Room-temperature magnetic refrigeration using the Ericsson cycle relies on materials with a large, nearly constant magnetocaloric (MC) effect over a wide temperature range. Here, we examine the MC properties of biphasic composite systems made from Fe–Cr–Si–B amorphous alloys. The precursor compositions, Fe_68.8Cr_11.2Si₆B₁₄ and Fe_70.4Cr_9.6Si₆B₁₄, show a second-order magnetic phase transition with values of the Curie temperature (TC) close to 290 K and 340 K, respectively. Analysis of critical exponents reveals that both alloys display intermediate critical behavior, between mean-field and three-dimensional Heisenberg universality classes.
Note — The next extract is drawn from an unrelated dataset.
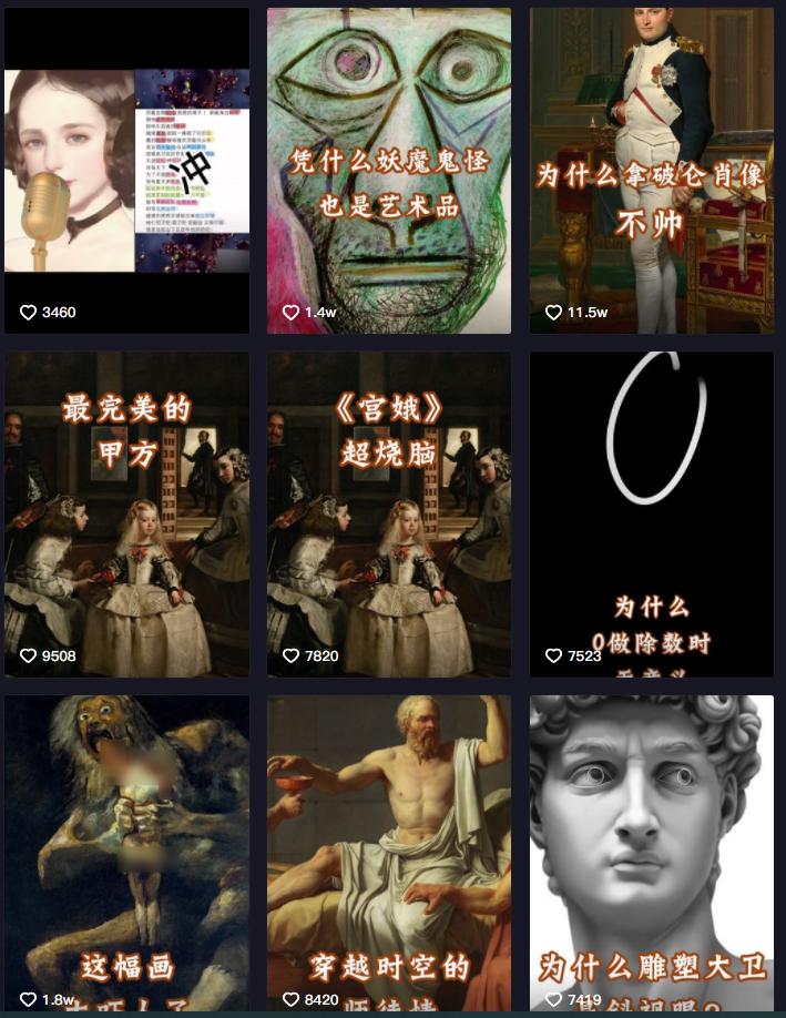 事实证明她是正确的,古灵精怪的少女今天探究雕塑《大卫》为什么是斜视眼,明天研究为什么拿破仑肖像不帅。萝莉脸、钻石夹子音、清奇的解说角度,使得账号在短时间内就积累了上万的粉丝量。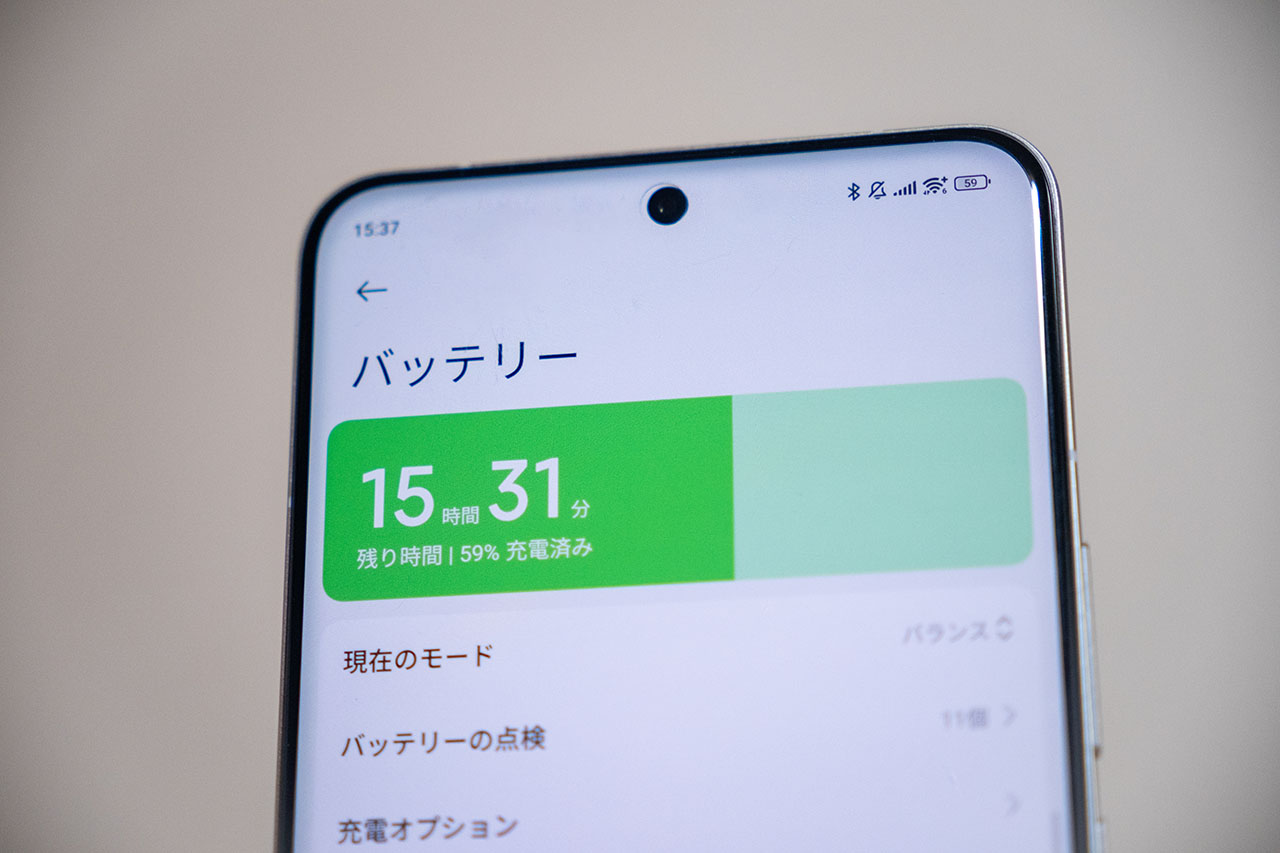 バッテリー持ちはあまり良くないですが、充電スピードが早ければそこまで気になりません。純正以外の充電器を使ったときは22.5W程度まで落ちてしまうので、すぐ充電したいときは付属の充電器や「Xiaomi 90W HyperCharge Power Adapter」を使いましょう。

Guided by the individual isothermal magnetic entropy change versus temperature curves, we have designed a composite by combining the two alloys in proportions that yield a nearly constant entropy change, achieving |ΔS_comp| ≈ 1.8 J kg^-1 K^-1 for a magnetic field change of µ₀ΔH = 5 T. This table-like behavior persists over a temperature range of about 50 K, as determined by the TC values of the parent alloys. We also assessed the effective refrigerant capacity (RC_eff) and temperature-averaged entropy change (TEC) for the composite. The customized MC response delivers a competitive RC_eff (87 J kg^-1 at µ₀ΔH = 5 T) and a TEC that is almost independent of the operating temperature range. This shows that rational design of Fe- based amorphous composites provides an adaptable solution for Ericsson-cycle magnetic refrigeration by balancing performance, operating temperature, and material cost.